Items from a dataset:

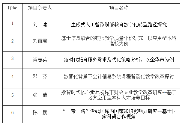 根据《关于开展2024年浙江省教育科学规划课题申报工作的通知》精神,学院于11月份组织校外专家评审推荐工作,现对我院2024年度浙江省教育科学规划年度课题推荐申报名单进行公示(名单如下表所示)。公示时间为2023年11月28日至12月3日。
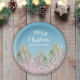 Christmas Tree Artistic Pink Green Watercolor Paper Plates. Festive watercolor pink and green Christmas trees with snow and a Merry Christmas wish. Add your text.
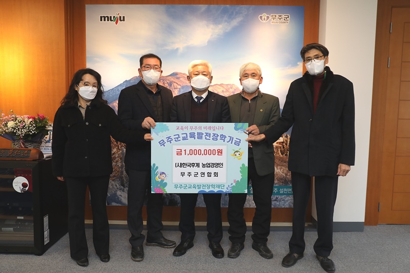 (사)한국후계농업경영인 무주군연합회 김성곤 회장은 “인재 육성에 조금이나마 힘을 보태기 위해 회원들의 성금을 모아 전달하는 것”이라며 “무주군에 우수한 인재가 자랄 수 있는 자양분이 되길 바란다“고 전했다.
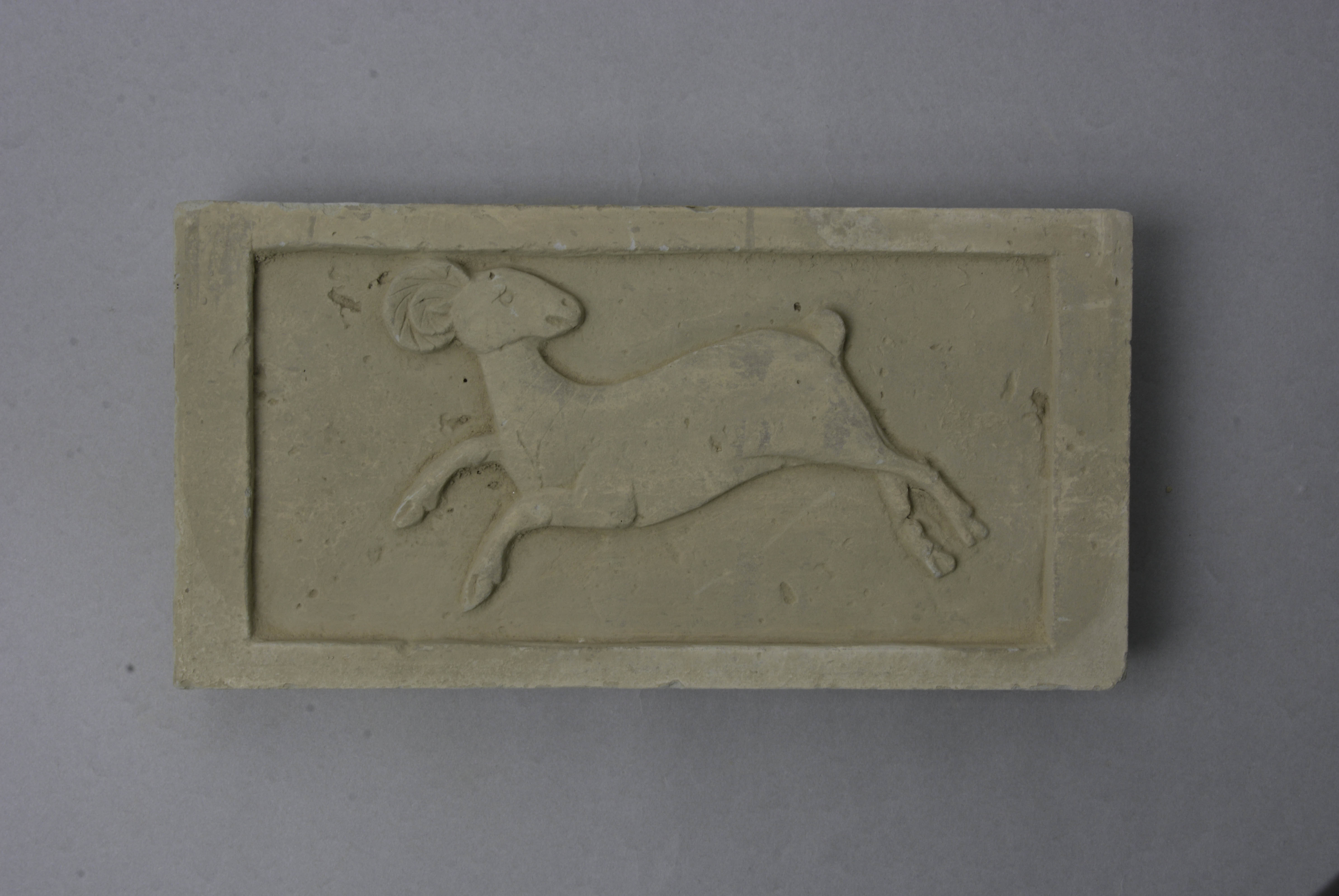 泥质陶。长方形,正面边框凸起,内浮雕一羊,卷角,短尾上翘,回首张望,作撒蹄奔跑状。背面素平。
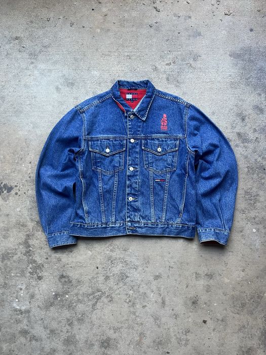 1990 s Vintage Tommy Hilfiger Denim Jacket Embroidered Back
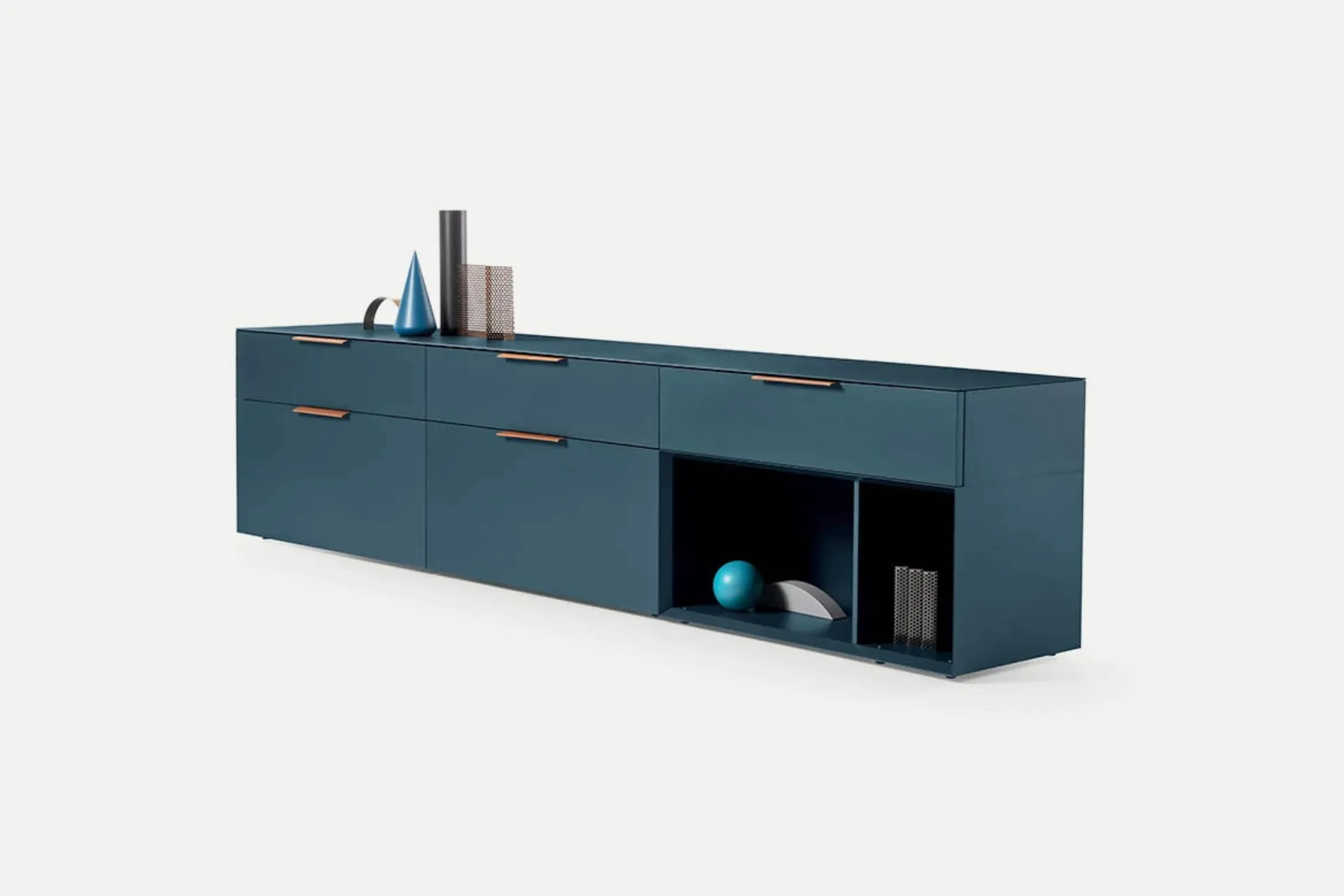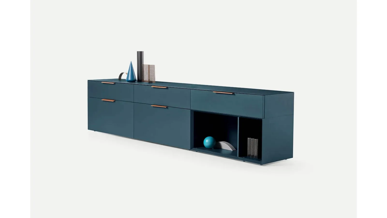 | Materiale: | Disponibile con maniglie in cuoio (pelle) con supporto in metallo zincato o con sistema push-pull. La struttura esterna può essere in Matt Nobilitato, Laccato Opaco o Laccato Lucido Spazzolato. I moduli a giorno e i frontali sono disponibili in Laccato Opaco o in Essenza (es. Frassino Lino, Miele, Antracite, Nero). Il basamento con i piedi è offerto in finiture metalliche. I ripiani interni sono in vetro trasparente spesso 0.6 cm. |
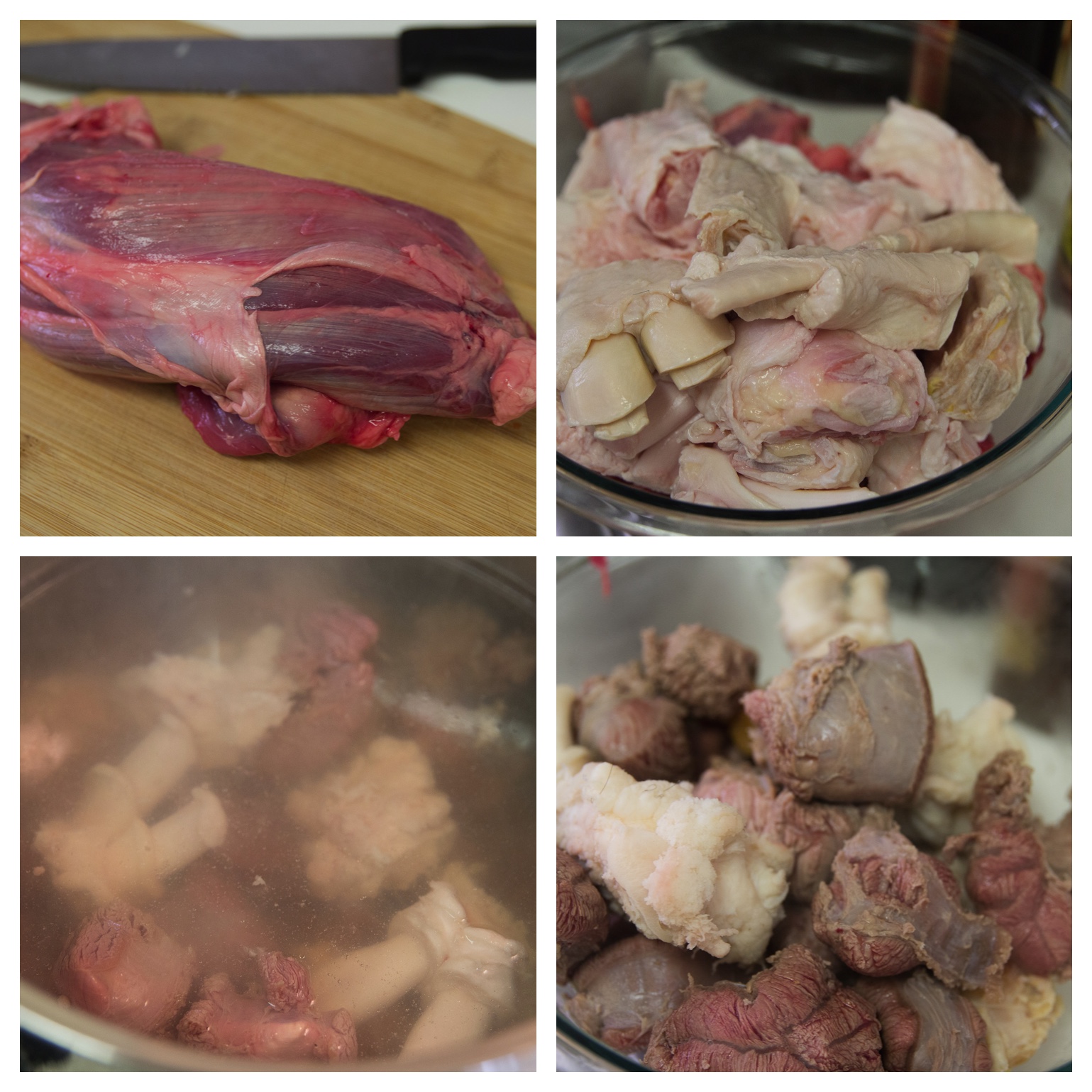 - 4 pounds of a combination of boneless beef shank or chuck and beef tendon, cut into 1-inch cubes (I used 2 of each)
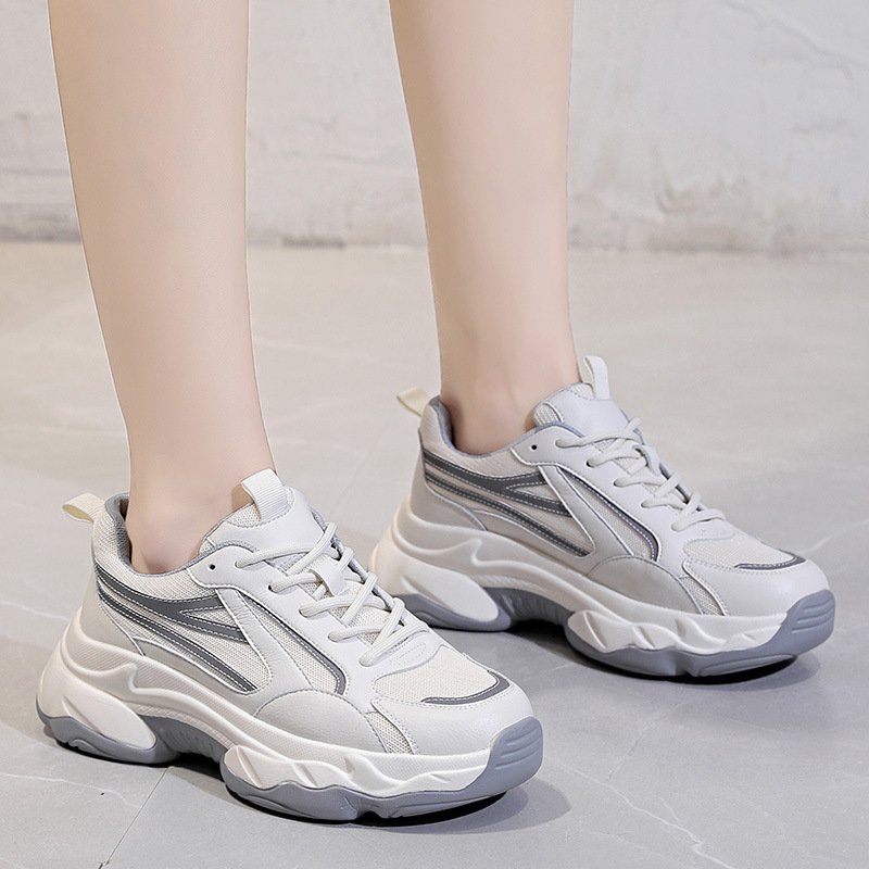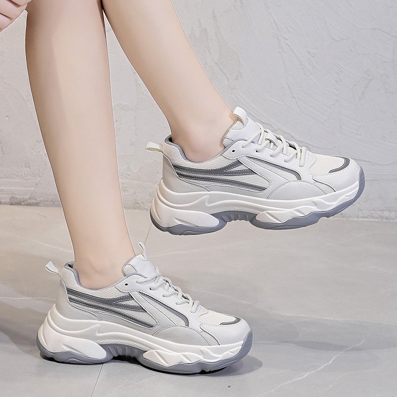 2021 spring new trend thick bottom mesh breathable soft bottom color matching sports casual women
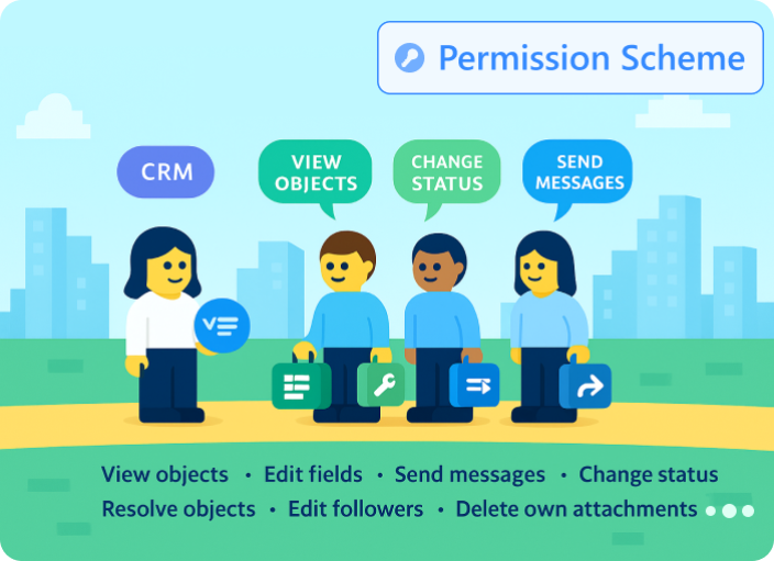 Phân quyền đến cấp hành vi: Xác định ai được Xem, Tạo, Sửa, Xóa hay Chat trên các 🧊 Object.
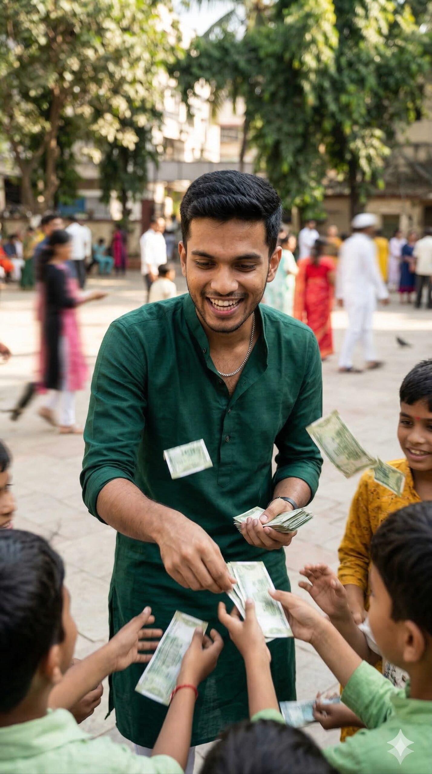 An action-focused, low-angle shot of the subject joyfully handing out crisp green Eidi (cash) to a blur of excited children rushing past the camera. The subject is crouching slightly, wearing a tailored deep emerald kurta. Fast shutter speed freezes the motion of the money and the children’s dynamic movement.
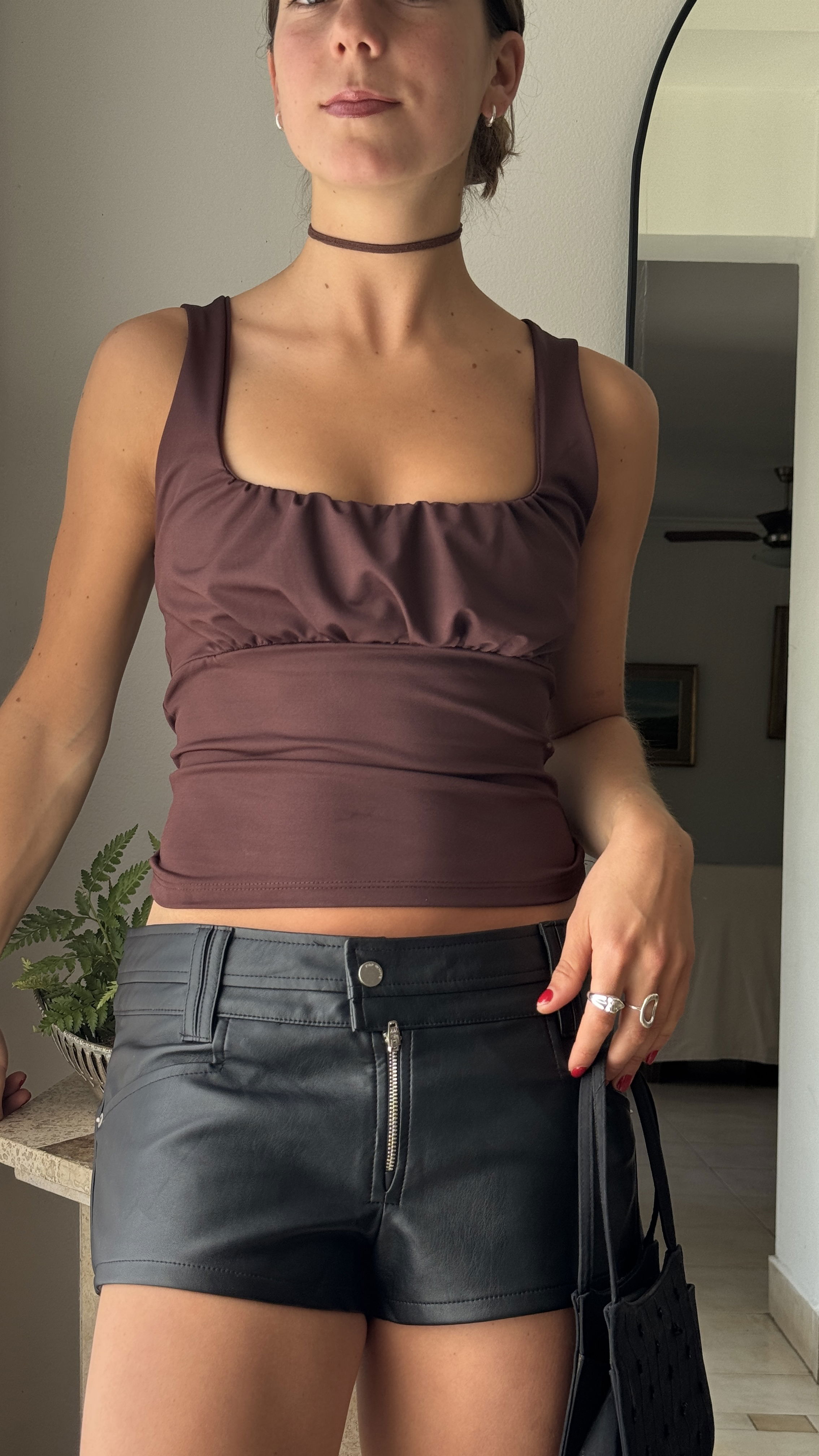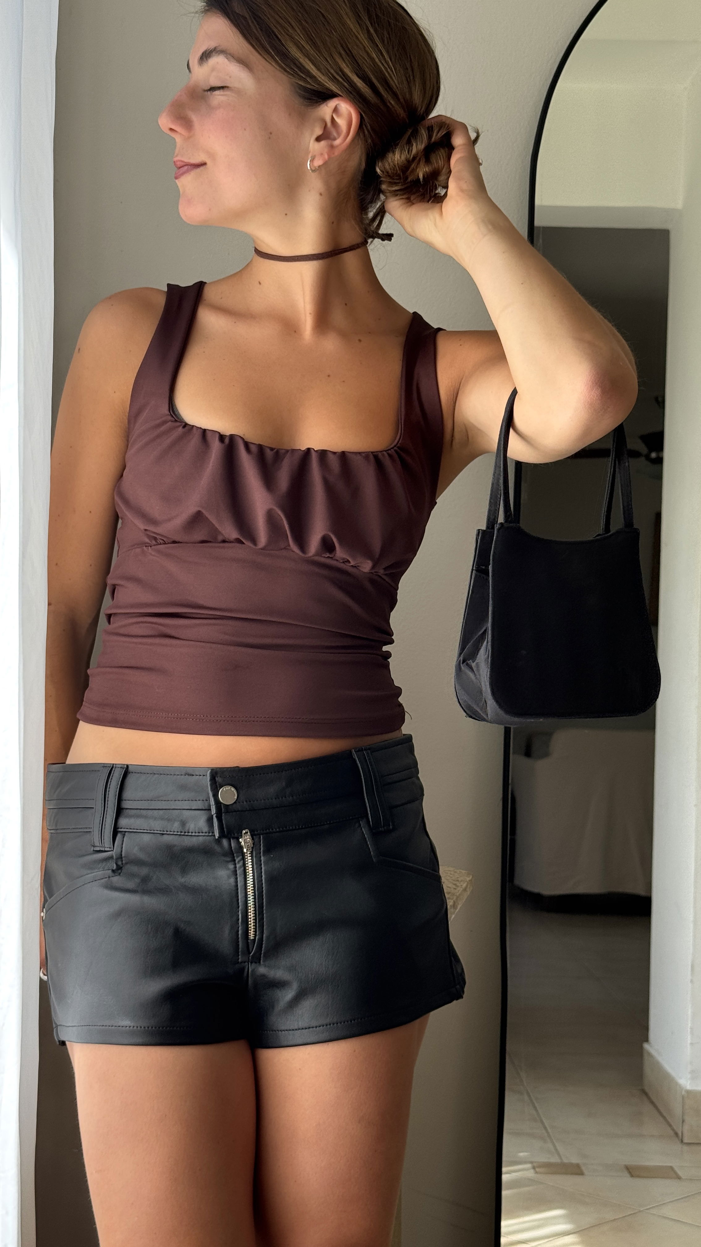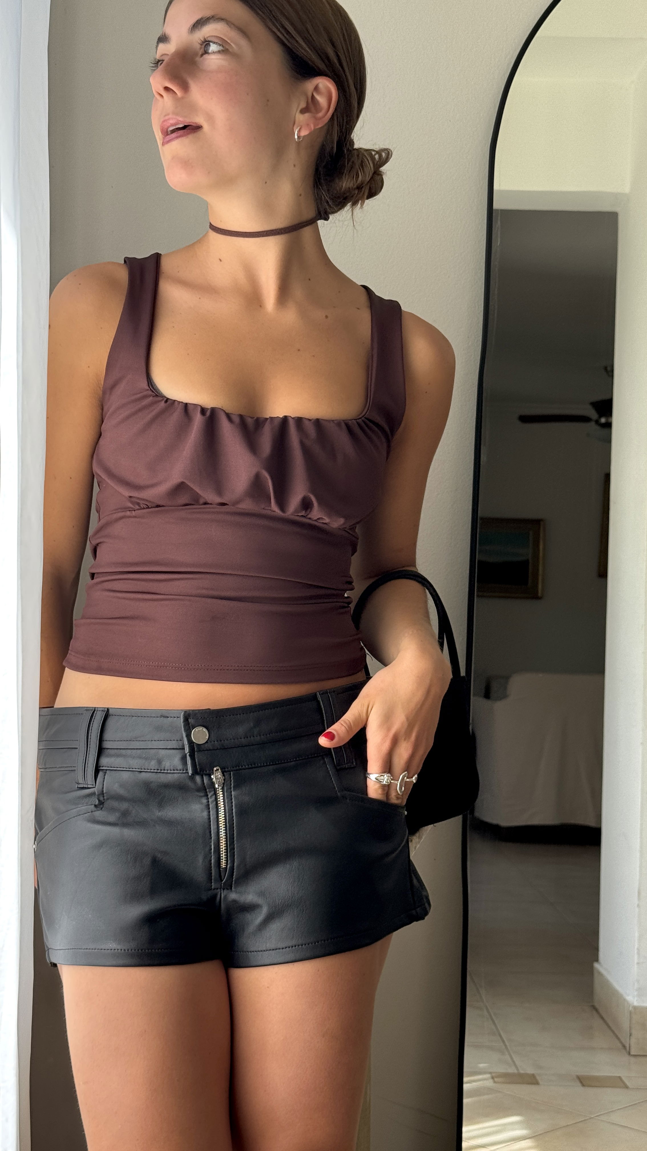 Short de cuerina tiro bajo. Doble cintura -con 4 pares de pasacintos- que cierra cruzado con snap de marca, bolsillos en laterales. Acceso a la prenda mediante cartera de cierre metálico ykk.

Prompt: All that should be printed is the run of lines above from the one with "泥质陶。长方形,正面边框凸起" through the one with "1990 s Vintage", both included, exactly as given, with pictures left out.

Your solution:
 泥质陶。长方形,正面边框凸起,内浮雕一羊,卷角,短尾上翘,回首张望,作撒蹄奔跑状。背面素平。
 1990 s Vintage Tommy Hilfiger Denim Jacket Embroidered Back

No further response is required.